What is the performance overhead in virtualisation?
In terms of out-of-band it is no more than the overhead in the switches. In the case of in-band it can be extremely significant.

If you are imaging an infrastructure, if I am in-band I insert myself between everything. I fool the switches into thinking they are talking to the servers, when [the servers] are talking to me and I fool them into thinking they are talking to the storage, when they are talking to me. As a result, you are never any faster than your weakest link.

So you have servers that are capable of pushing millions of I/Os per second, switches that are capable of pushing millions of I/Os per second, storage devices that are capable of pushing millions of I/Os per second, and not a single, in-band virtualisation device today, to my knowledge, that is capable of pushing millions of I/Os per second.

Also, because I am a fourth tier in the infrastructure, if I ever have a code issue, there is no way for, say, the storage device and a server either [side of the virtual pool] to know about it.
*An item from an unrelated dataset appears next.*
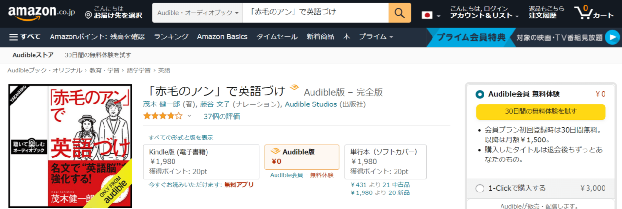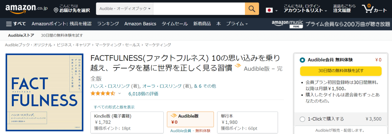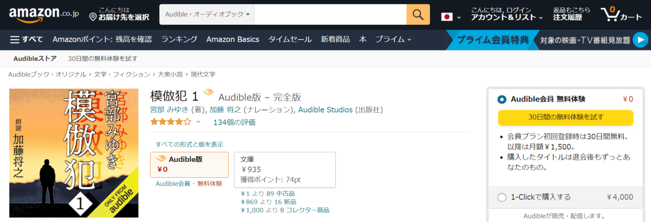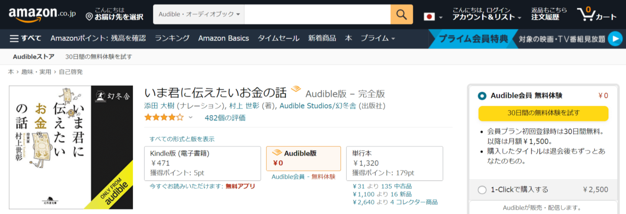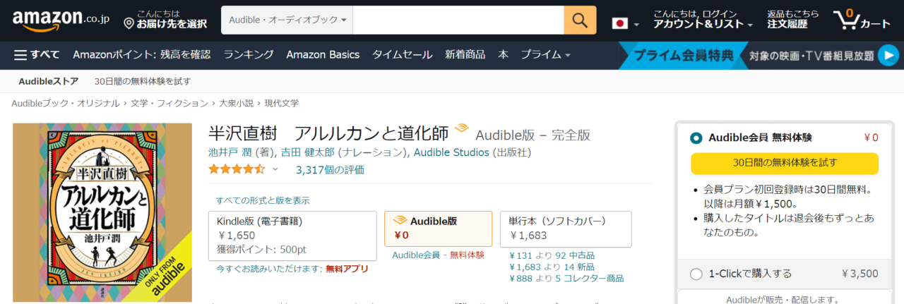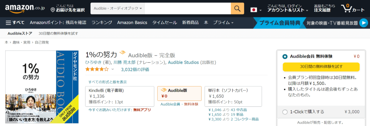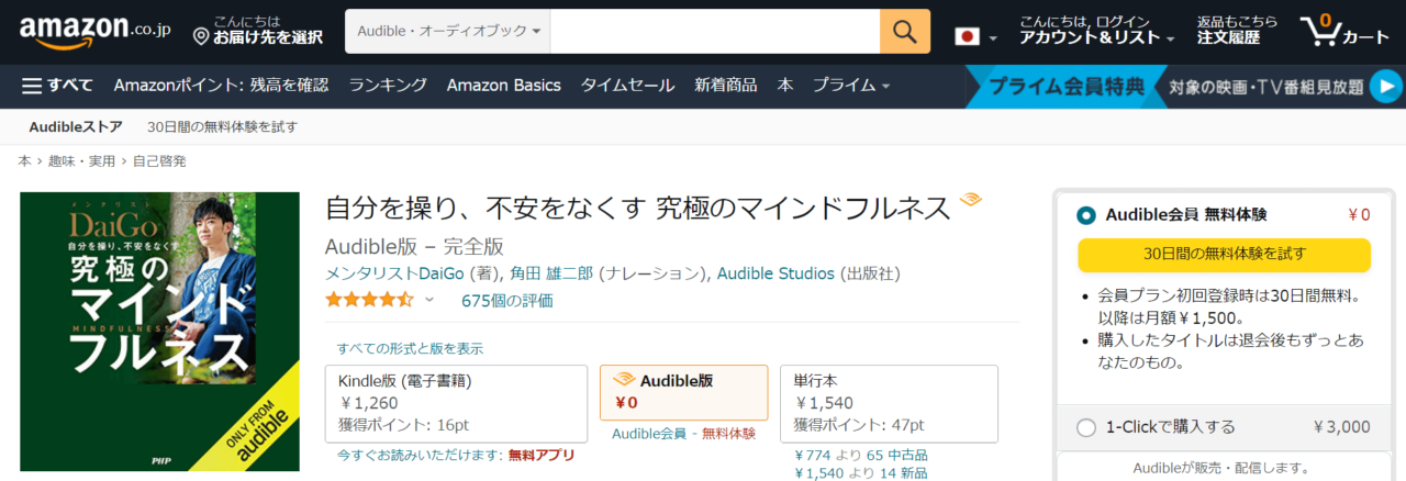 登録後30日間は無料期間なので、オーディブルの聴く本がどのような感じが試すことができます。オーディブル体験の入り口として、ぜひトライしてみてください。

If I flip bits, they are abstracted from each other and so I, as the virtual device, have injected an integrity issue.

With out-of-band, we stay completely out of the data path and let the data flow back and forth and instead have a device that hand-shakes and talks to the switches and directors using, incidentally, a fabric application interface standard.

So, contrary to popular belief, there is an emerging standard for how storage network virtualisation gets done. Anyway, using that standard I will talk to the devices, but I will never, never, ever interfere with the data flow so it is physically impossible for me, as the virtualisation device, to interfere with data flowing through the I/Os. I also cannot impact the integrity of those I/Os, since I never touch them.

So I have removed the performance block. In an in-band device, 100 percent of the I/Os will slow down 100 percent of the time. That just does not happen with out-of-band.

The catch in doing this is that to get it right, you must get it perfect right out of the chute. That is why Invista was the longest running and most heavily tested product in our entire history.